Team Structures
Projects should begin with a preparation phase, which may also be your pilot phase with the data vendor. Instructions should be carefully made with a lot of communication between the project manager and research team. A small team of experienced annotators should use these instructions to create the first set of completed tasks, which are then reviewed by the PM & research team.
Use this first batch of tasks to iterate on the instructions. These tasks then become the first set of benchmark tasks, which you’ll test future onboarded annotators on. You’d give new annotators these tasks and expect the answers to be nearly the same, this way you can immediately score an annotator’s performance on the benchmark before allowing them to work on real tasks. Additionally you should periodically give benchmarks to annotators to test for continued adherence to the instructions.
Some data vendors operate mostly flat hierarchies for their projects. At micro1 we’ve learned that placing annotators and their reviewers into a single team or “pod” has several benefits:
- People know who their manager is.
- Pod Leads feel responsible for upskilling their annotators.
- Annotators feel more comfortable asking for clarification within their pods.
- Since everyone in the pod has the same specialization, pods can stay together between projects.
- Annotators can take feedback from their pod’s reviewers more constructively.
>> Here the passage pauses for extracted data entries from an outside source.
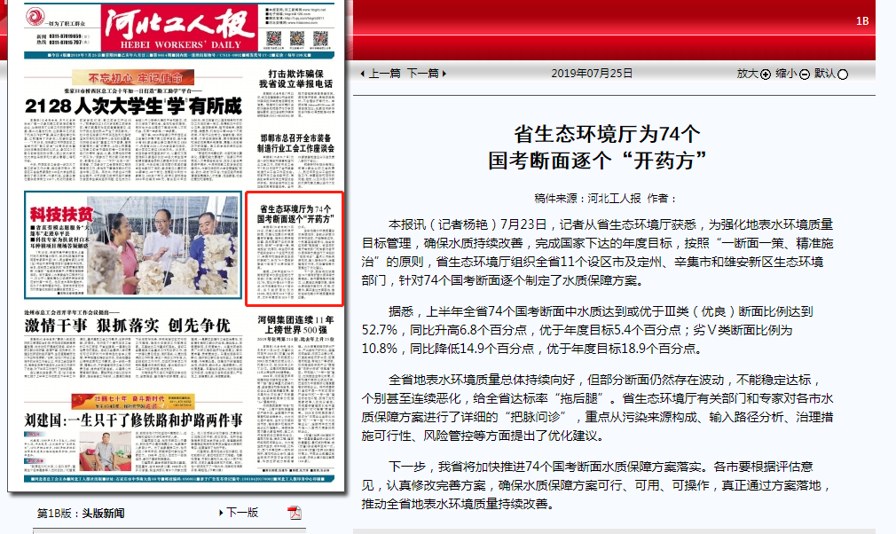 本报讯(记者杨艳)7月23日,记者从省91直播厅获悉,为强化地表水环境质量目标管理,确保水质持续改善,完成国家下达的年度目标,按照“一断面一策、精准施治”的原则,省91直播厅组织全省11个设区市及定州、辛集市和雄安新区91直播部门,针对74个国考断面逐个制定了水质保障方案。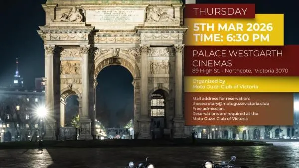 The Moto Guzzi Club of Victoria has made this evening accessible to all members and friends of the Eagle, fully covering the costs for booking an 89-seat cinema. Admission is free, but given the limited capacity, participation will be on a "first-come, first-served" basis. It is therefore essential to secure your spot.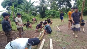 Foto: para pemuda sedang melakukan persiapan untuk perayaan Milad Desa Meyambanga Timur.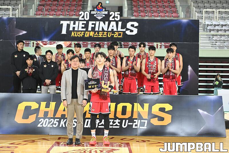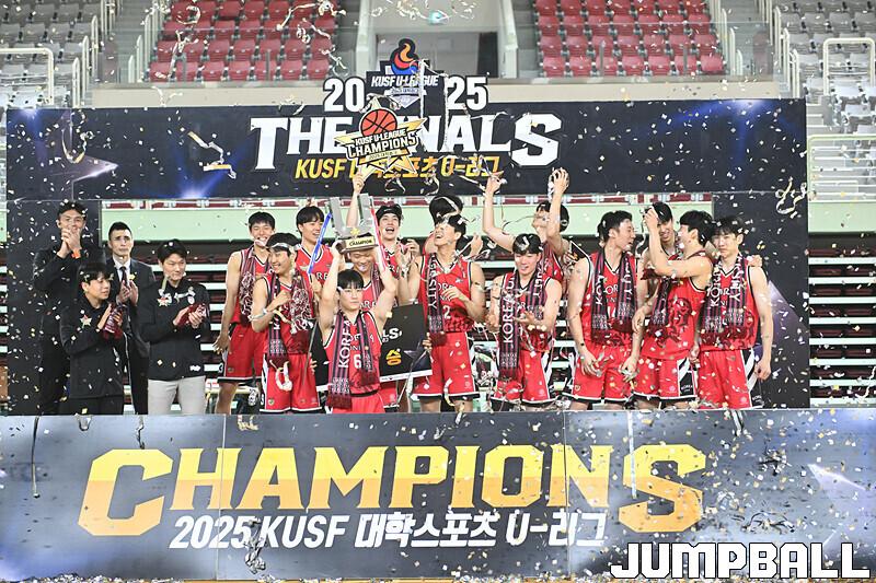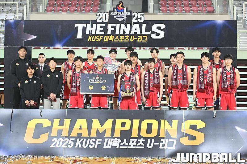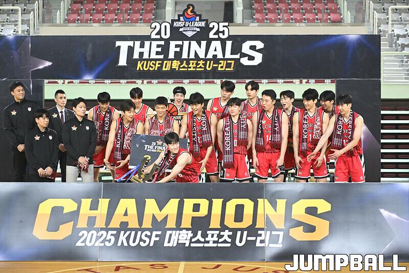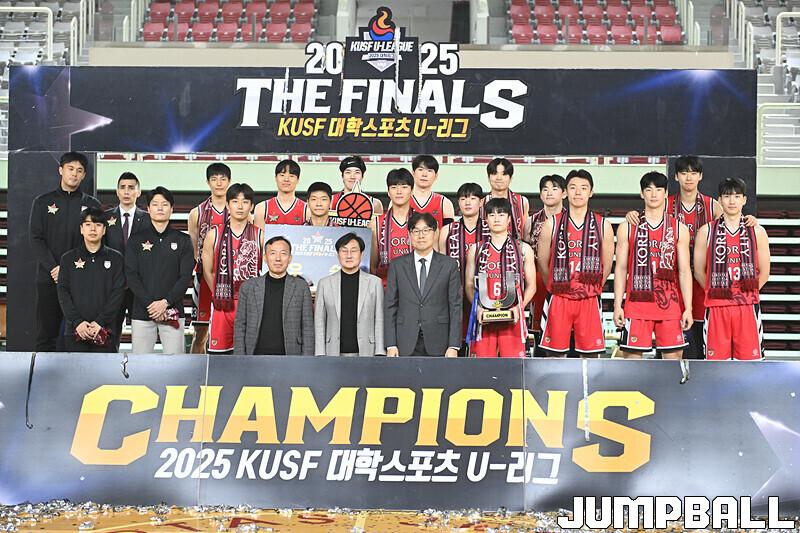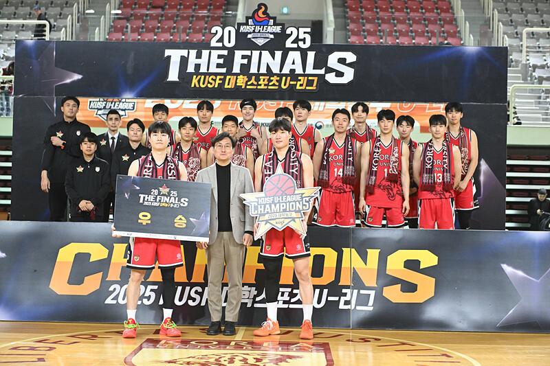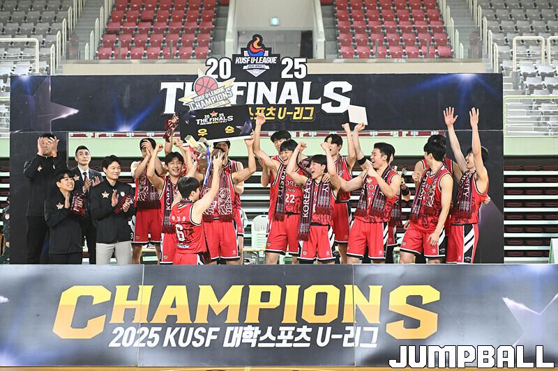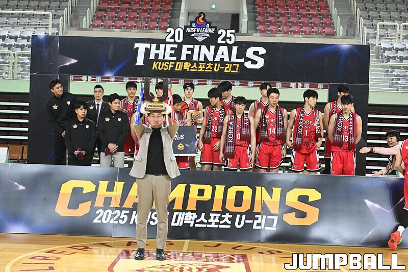 [점프볼=안암/문복주 기자] 12일 고려대학교 화정체육관에서 2025 KUSF 대학농구 U-리그 남자 대학부 챔피언결정전으로 고려대와 성균관대의 경기, 고려대가 성균관대의 추격을 물리치고 68대60으로 우승을 차지하고 시상식을 가졌다.
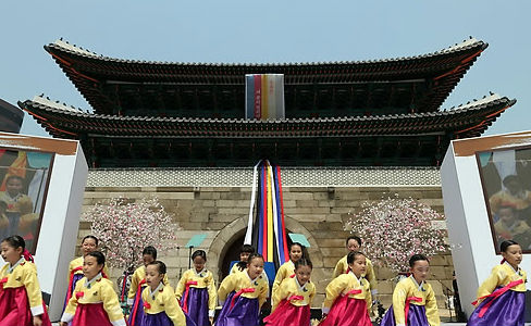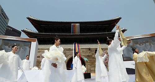'길 닦음 행렬'이 지나는 세종로와 광화문광장에서는 오후 2시부터 국·공립 공연단체와 민간 공연단체가 어우러져 자유연희마당을 곳곳에서 펼쳐졌다.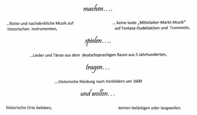Möchten Sie einmal kurz in unsere Musik hineinhören? Wir haben einige Ausschnitte für Sie zusammengestellt: Alleweyl (nach Valentin Rathgeber (1682-1750)) Wär ich ein wilder Falke (J.H. Reichardt 1777 / trad.) Alter Tanz (traditionell) Unser liebe Frauen (trad./trad aus Georg Forsters Frische Teutsche Liedlein 1556) Tanzende Hose (trad.) Ade zur guten Nacht (traditionell Franken/ Thüringen) Oder möchten Sie sich lieber einen Ausschnitt aus einem unserer Auftritte ansehen? Dann wählen Sie bitte eines dieser Videos: Reigen (nach Tielmann Susato (1510/15- 1570)) Alleweyl (nach Valentin Rathgeber (1682-1750))

At micro1, pods are composed of 10 annotators, 5 reviewers, and a pod lead. This pod lead may either be a senior reviewer or a member of micro1’s Client Success team. Pod sizes can also vary, but a good rule of thumb is that the pod lead should be able to recall the name of every annotator in their pod. If the pod is too large, the pod lead may not be able to efficiently manage and track the progress of their annotators.
While research teams don’t need to be familiar with their data vendor’s internal team structures, they should be aware that different structures can lead to different incentives and project outcomes and they should feel comfortable inquiring about this when selecting a data vendor.